There's no duty between the - between the two, and certainly it's not the type of situation - if -if I permitted that, we would basically be making every adversary's or other party to an action's attorney liable to the party they're not representing.

This is too broad a rule, and - and I don't think Petrillo makes that rule. . . . Petrillo says in some
circumstances, if you expect that a buyer is going to rely on the seller's attorney's representations, and the buyer is harmed, then the buyer will have a - a cause of action. But under any facts that are alleged by either side here, I don't see where the Belmontes get a cause of action against the Bogaard defendants.

In dismissing the Belmontes' claim for attorneys' fees and expenses, the trial court added:

We've talked about Innes verses Marzano-Lesnovich, which is the most recent - recent statement at 224 N.J. 584 [(2016)] talking about the fiduciary duty that arises as an escrow agent in that case, although these people happened to be a - attorneys for one of the parties.

. . . .

[T]here is no case that says a non-client can get attorney's fees in an action. . . .

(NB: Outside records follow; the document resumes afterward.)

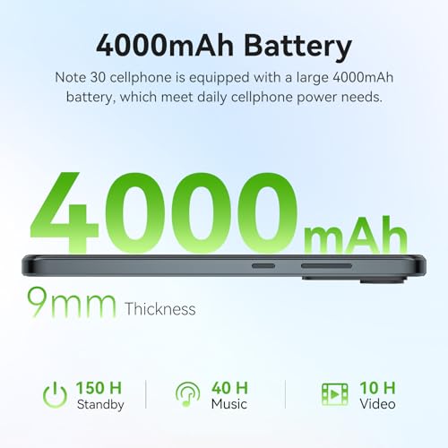 🎐【4000mAh Akku】CUBOT NOTE 30 Android Smartphone ausgestattet mit einem 4000mAh Akku, kann 255 Stunden Standby-Zeit, 20 Stunden Sprechzeit, 25 Stunden Musikzeit und 8 Stunden Videozeit haben, 1 Tage Nutzung mit andererseits 1 Aufladung kann. unterstützt Type-C Anschluss. Unterstützt die OTG-Überführung.Sie können Ihr Mobiltelefon stabil mitnehmen, wenn Sie ausgehen.
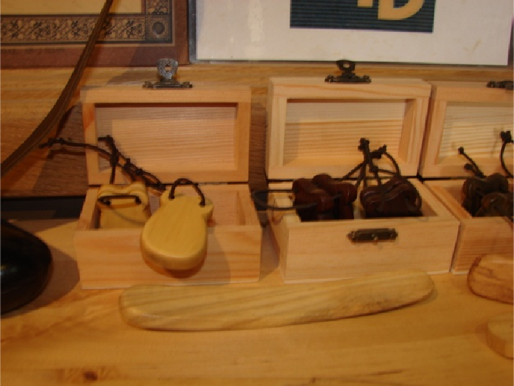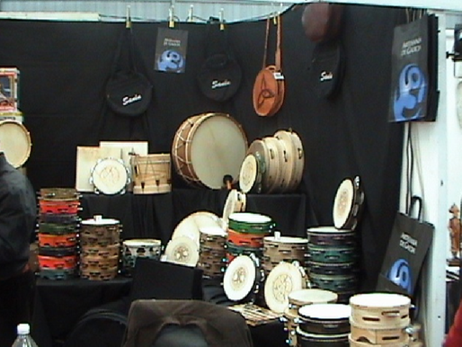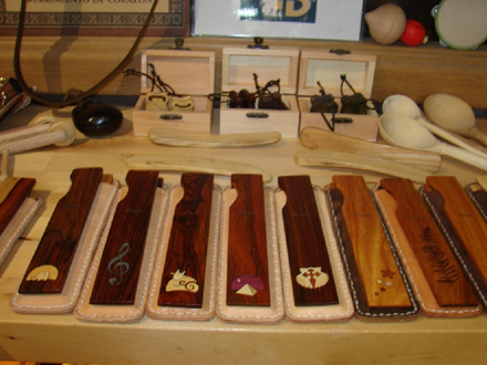 *Pitos en sus cajitas de madera. Exposición de varios modelos de panderetas, en la Feria Artesanal de Melide, A Coruña.
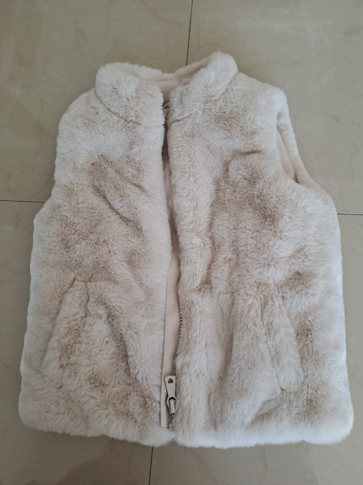 Krásna huňatá vestička zn. F&F. Farba je krémová. Podšitá bavlnou. Ideálna na chladnejsiu jar. Veľmi pekný stav, akurát pri zipse sa trošku šúpe vrchný materiál. Nie je vidieť (prípadne to dať dole...
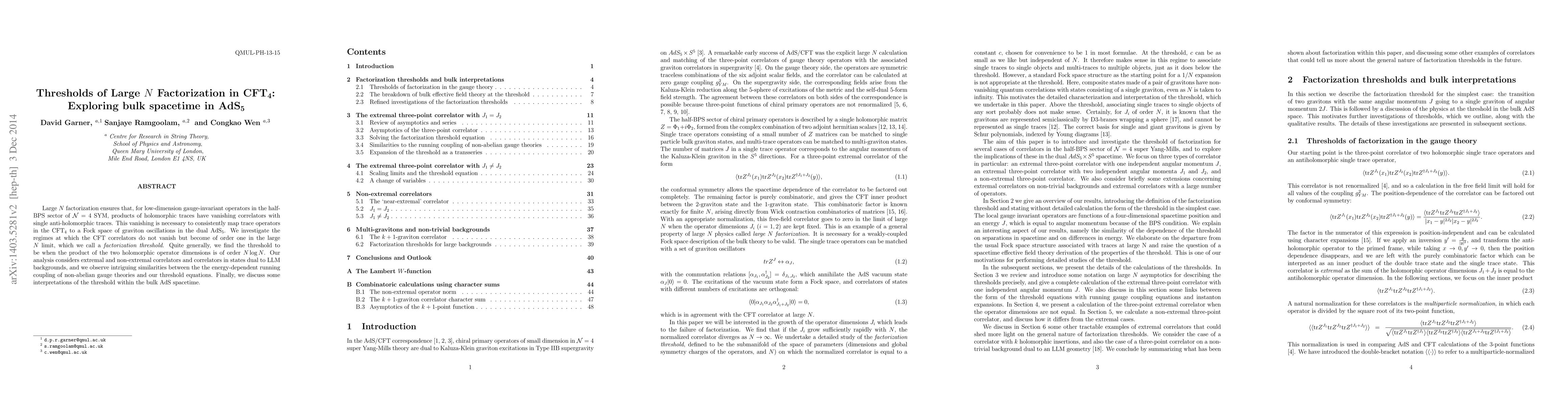 Large $N$ factorization ensures that, for low-dimension gauge-invariant operators in the half-BPS sector of ${\cal N}=4$ SYM, products of holomorphic traces have vanishing correlators with single anti-holomorphic traces. This vanishing is necessary to consistently map trace operators in the CFT$_4$ to a Fock space of graviton oscillations in the dual AdS$_5$. We investigate the regimes at which the CFT correlators do not vanish but become of order one in the large $N$ limit, which we call a factorization threshold. Quite generally, we find the threshold to be when the product of the two holomorphic operator dimensions is of order $N\log N$. Our analysis considers extremal and non-extremal correlators and correlators in states dual to LLM backgrounds, and we observe intriguing similarities between the the energy-dependent running coupling of non-abelian gauge theories and our threshold equations. Finally, we discuss some interpretations of the threshold within the bulk AdS spacetime.
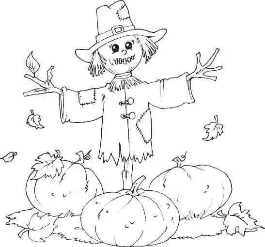 Coloring description : Download Printable Scarecrow with Pumpkin Patch Coloring Page
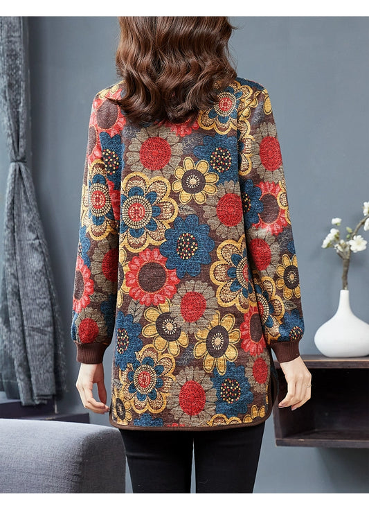 【M-6XL】2023 Toamna și iarna Nouă catifea îngroșată catifea largă Retro imprimat Top
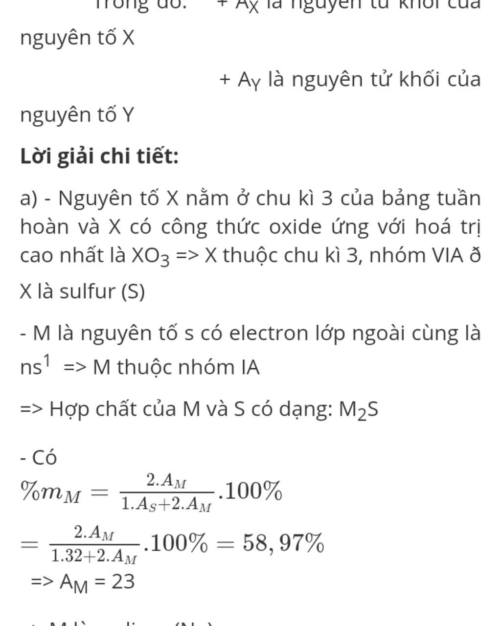 - M là nguyên tố s có electron lớp ngoài cùng là
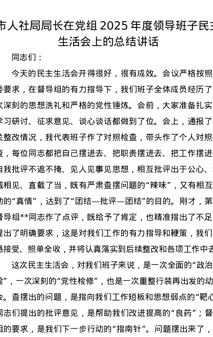 市人社局局长在党组2025年度领导班子xxxxx上的总结讲话
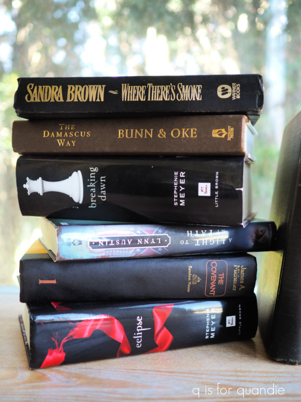 I painted the first three books in Dixie Belle’s Drop Cloth. To do this I simply open the books and place them face down on my worktable (a.k.a. my piano) and paint the covers with a brush. I sometimes can get away with just two coats, but painting the Drop Cloth over a book that is black (or in this case one was yellow) takes three coats.
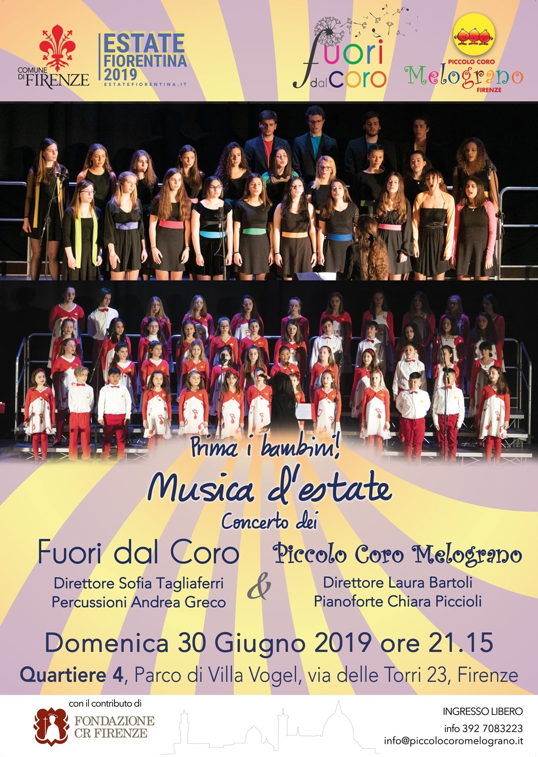 Domenica 30 giugno alle 21.15 concerto col gruppo Fuori dal Coro e Piccolo Coro Melograno con “Musica d’estate”
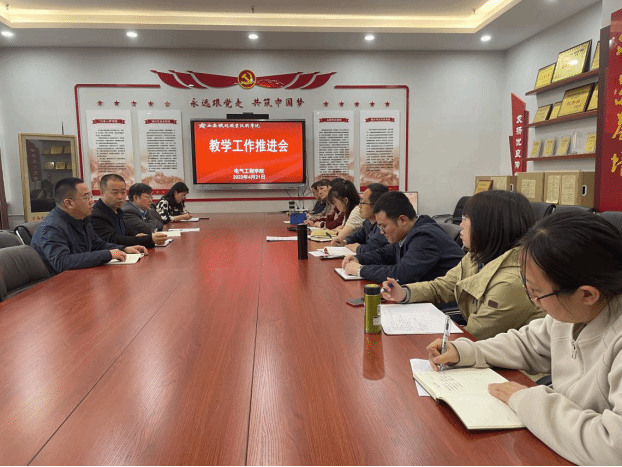 结合电气工程学院院长和副院长刚刚调整到位的情况,为尽快落实学院“双高”重点突破项目和强基提质任务,4月21日下午,电气工程学院在会议室召开四月份教学工作推进会。电气工程学院党总支书记喻朝晖,院长王公强,副院长宋永兴及全体教研室主任、专业带头人、教学管理人员参加了此次会议。
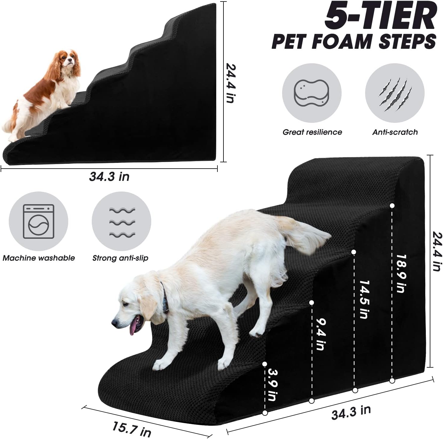 Dog Stairs&Steps for High Beds Up to 28'', 5-Step Dog Ramp for Small Medium Dogs with Washable Cover, Pet Steps for Cats to Get on Couch and Sofa, Durable Foam Ladders, 24.4" Tall, Black
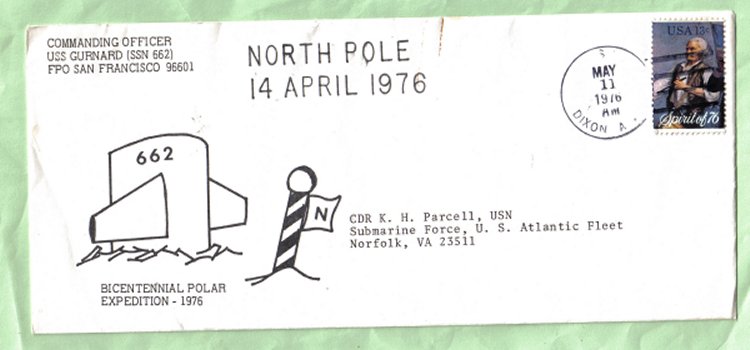 ![]() | 38k | Commemorative postal cover issued on the occasion of the Bicentennial Polar expedition of the Gurnard (SSN-662), 14 April 1976. | Courtesy of Jack Treutle (of blessed memory). | |
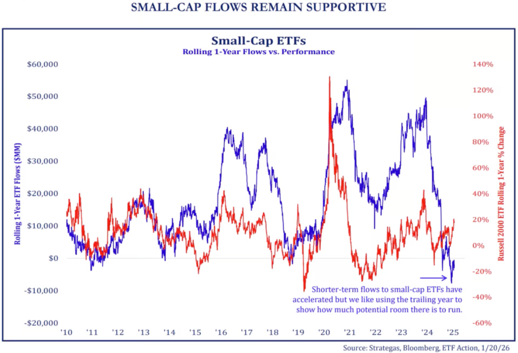 Small cap ETF flows. “If you look at small cap ETFs, all of them together, over the last year there are still outflows”.
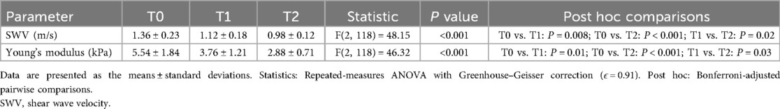 Liver SWV and derived Young's modulus (E) significantly decreased after intervention. The baseline SWV (1.36 ± 0.23 m/s) and E (5.54 ± 1.84 kPa) indicated elevated liver stiffness. After 6 and 12 months of intervention, SWV decreased to 1.12 ± 0.18 m/s (E: 3.76 ± 1.21 kPa) and 0.98 ± 0.12 m/s (E: 2.88 ± 0.71 kPa), respectively, with significant time main effects [SWV: F(2118) = 48.15, P < 0.001; E: F(2118) = 46.32, P < 0.001], confirming time-dependent improvements in liver stiffness (Table 4).
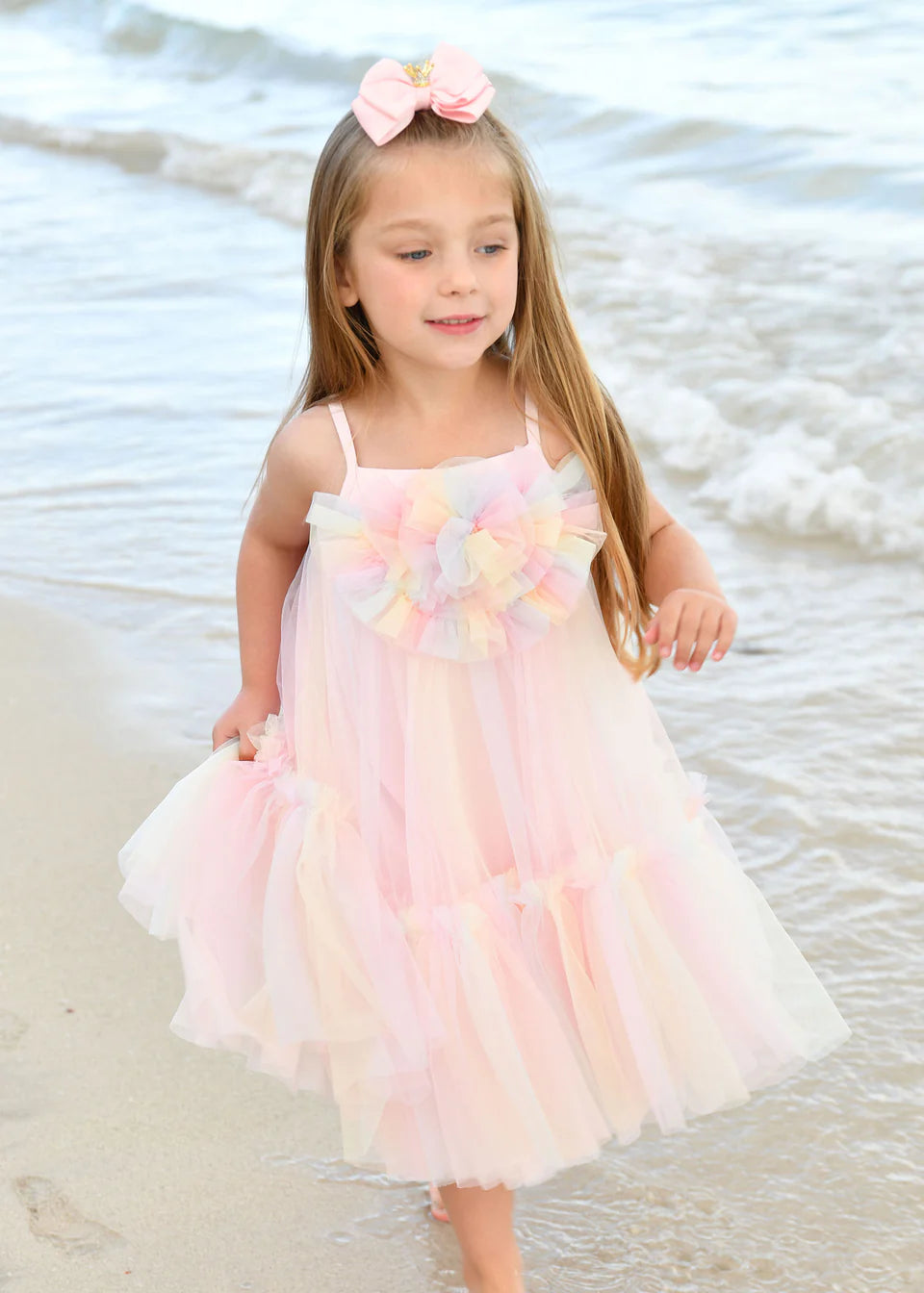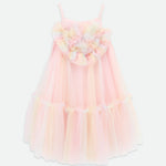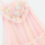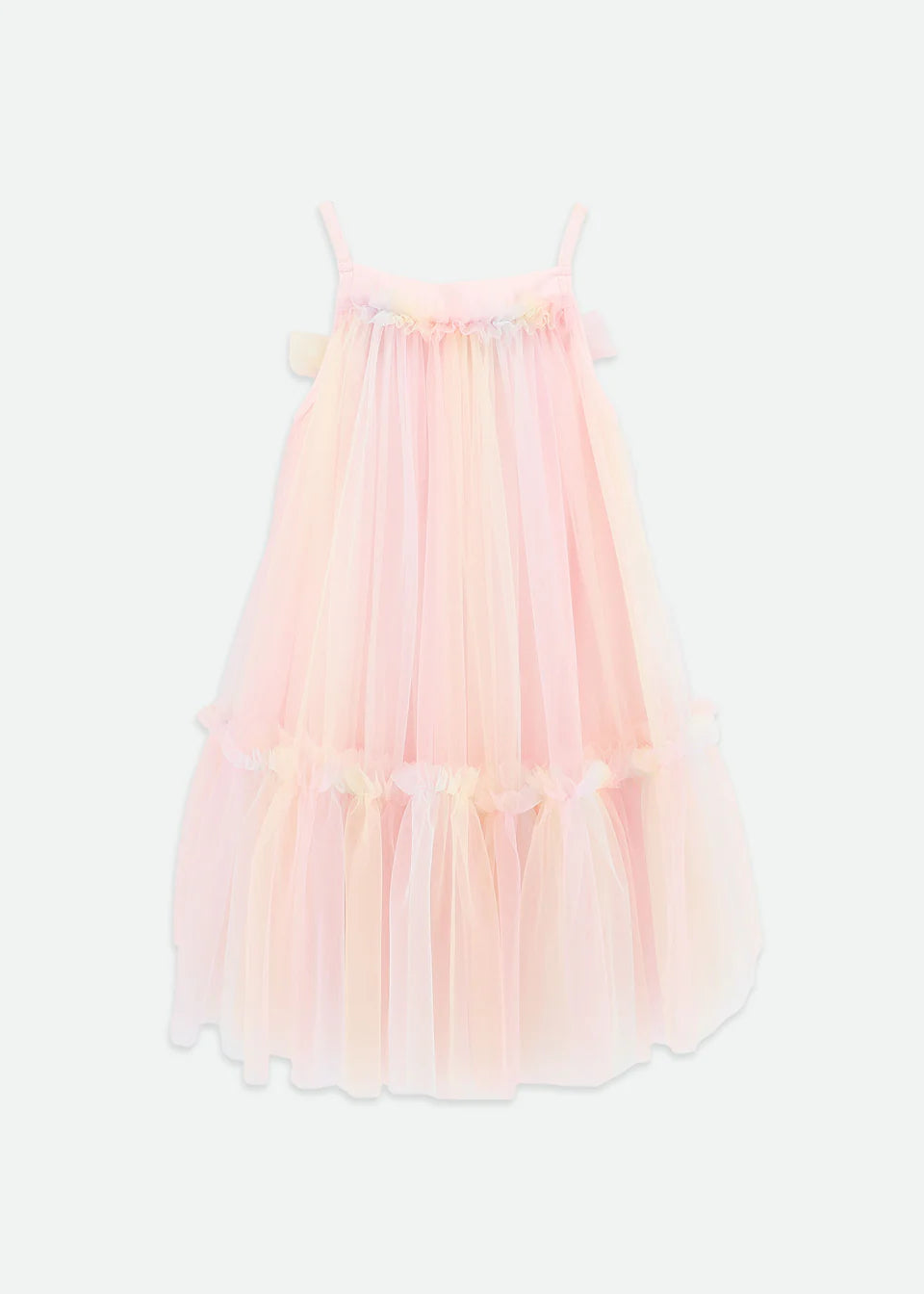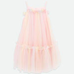 Elegante prendisole a trapezio in morbido tulle con effetto arcobaleno per bambine. Dettagliato con una rosetta in tulle sul petto e un bordo arricciato attorno alla gonna. Completamente foderato in un cotone super morbido per garantire il massimo comfort sulla pelle delicata.
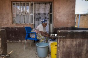 Hortance Kiluba hand wash clotes at home in the Kamitete district of Lubumbashi on November 24, 2025. (Photo by Glody MURHABAZI / AFP)
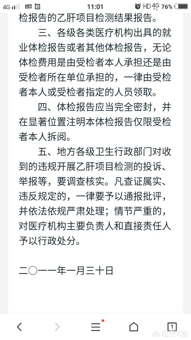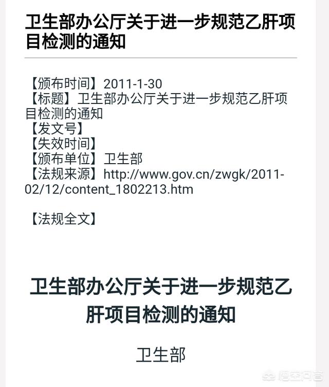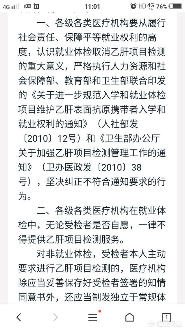 2011年1月30日,卫生部下发文件《关于进一步规范乙肝项目检测》的通知,明确规定:医疗机构(医院、疾控中心、体检机构)禁止入职体检乙肝项目检查,受检者“自愿与不自愿”都不允许查,否则重罚。
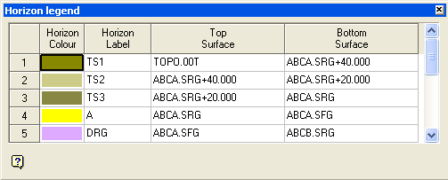 Use the Horizon Legend option to display a legend, showing the horizon numbers, colours, labels and surfaces of the horizon table, which is created through the Horizons > Create Horizon option.
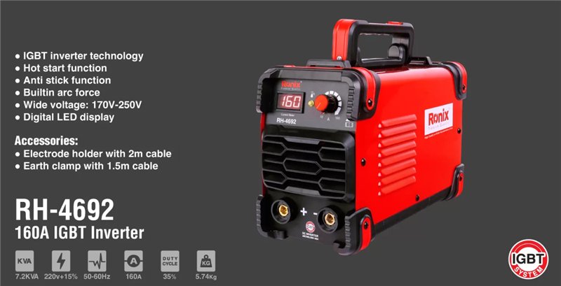 Сварочный аппарат Ronix RH-4692, 160A, дуговая сварка, 220V, для непрерывной работы (арт. 25-18031208)

[A]s the Court noted in Innes, departures from the American Rule are the exception. We have awarded counsel fees to a prevailing plaintiff in a legal malpractice action premised upon professional negligence because of the unique nature of the attorney/client relationship. Not the unique nature of the fiduciary relationship - the unique nature of the attorney/client relationship. And certainly, the Belmontes can look to their lawyer, and the Nobises can look to their lawyer for those damages.

But now we are in a situation where they're looking to the other party's lawyer, when they do not have the unique attorney/client relationship. So - and the Court goes on to say [in Innes,] we have never held that a non-
client is entitled to a fee-shifting award for an attorney's negligence.

. . . .

There's - there's not authority for finding an attorney/client relationship. There . . . could be a finding that a - fiduciary obligation was breached, but that does not necessarily . . . flow from there that the attorney/client relationship allowing the recoupment of attorney's fees would be permissible. And I note that everybody's attorney is already in this case.

Prior to trial, scheduled for February 6, 2017, all of the claims were dismissed except for the Nobises' and the Belmontes' claim against Bogaard. Before trial commenced, the Nobises settled their claims against Bogaard.

Now on appeal, the Belmontes allege the following points of error:

POINT I
THE TRIAL COURT ERRED IN GRANTING THE BOGAARD DEFENDANTS' MOTION FOR PARTIAL SUMMARY JUDGMENT AGAINST THE BELMONTES BECAUSE (A) THE TRIAL COURT COMMITTED REVERSIBLE ERROR BY HOLDING THAT AS A MATTER OF LAW A SELLER OF REAL ESTATE CANNOT MAINTAIN A CAUSE OF ACTION FOR PROFESSIONAL NEGLIGENCE AGAINST THE BUYER'S ATTORNEY AND (B) MATERIAL DISPUTED FACTS TAKEN IN A LIGHT MOST FAVORABLE TO THE BELMONTES PROHIBIT GRANTING SUMMARY JUDGMENT.

A. THE TRIAL COURT COMMITTED REVERSIBLE ERROR BY HOLDING THAT AS A MATTER OF LAW A SELLER OF REAL
PROPERTY CANNOT MAINTAIN A CAUSE OF ACTION FOR PROFESSIONAL NEGLIGENCE AGAINST THE REAL ESTATE BUYERS ATTORNEY.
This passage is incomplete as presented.